Work task: The answer should hold only the lines from the beginning of the listing below to the line containing "Bakst, Léon (1866-1924), Kostümentwurf", both included, with every picture left out.
________
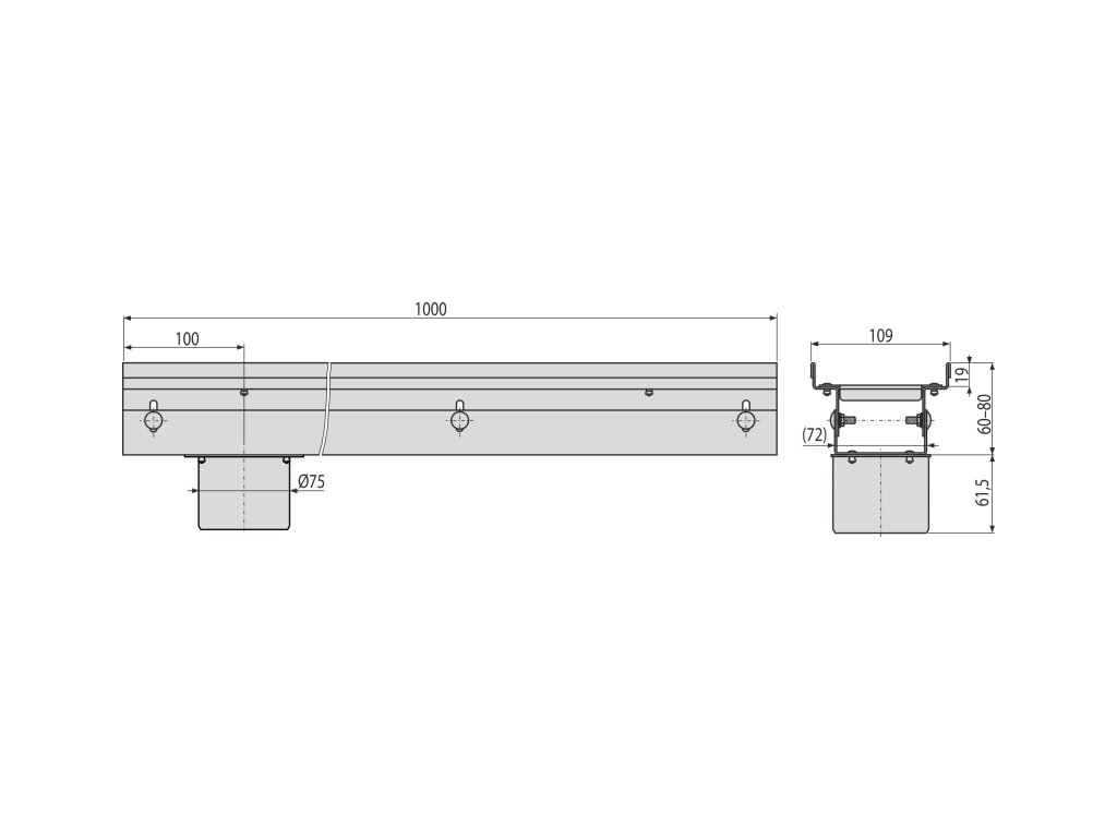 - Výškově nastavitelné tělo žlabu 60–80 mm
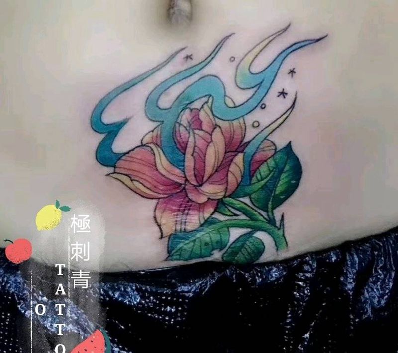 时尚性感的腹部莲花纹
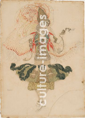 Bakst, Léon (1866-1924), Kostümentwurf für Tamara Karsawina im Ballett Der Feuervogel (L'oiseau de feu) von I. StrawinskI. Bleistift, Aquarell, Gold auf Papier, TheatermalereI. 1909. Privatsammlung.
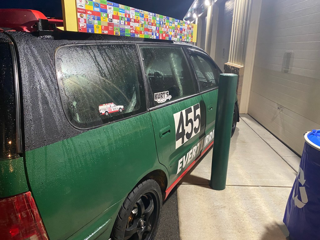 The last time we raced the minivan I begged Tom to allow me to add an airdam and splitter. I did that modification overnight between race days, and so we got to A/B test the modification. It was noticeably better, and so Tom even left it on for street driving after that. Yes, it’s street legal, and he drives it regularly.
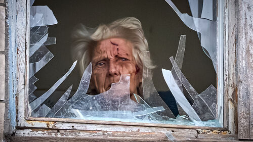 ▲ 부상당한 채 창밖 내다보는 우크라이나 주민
________
Exercise result:
 - Výškově nastavitelné tělo žlabu 60–80 mm
 时尚性感的腹部莲花纹
 Bakst, Léon (1866-1924), Kostümentwurf für Tamara Karsawina im Ballett Der Feuervogel (L'oiseau de feu) von I. StrawinskI. Bleistift, Aquarell, Gold auf Papier, TheatermalereI. 1909. Privatsammlung.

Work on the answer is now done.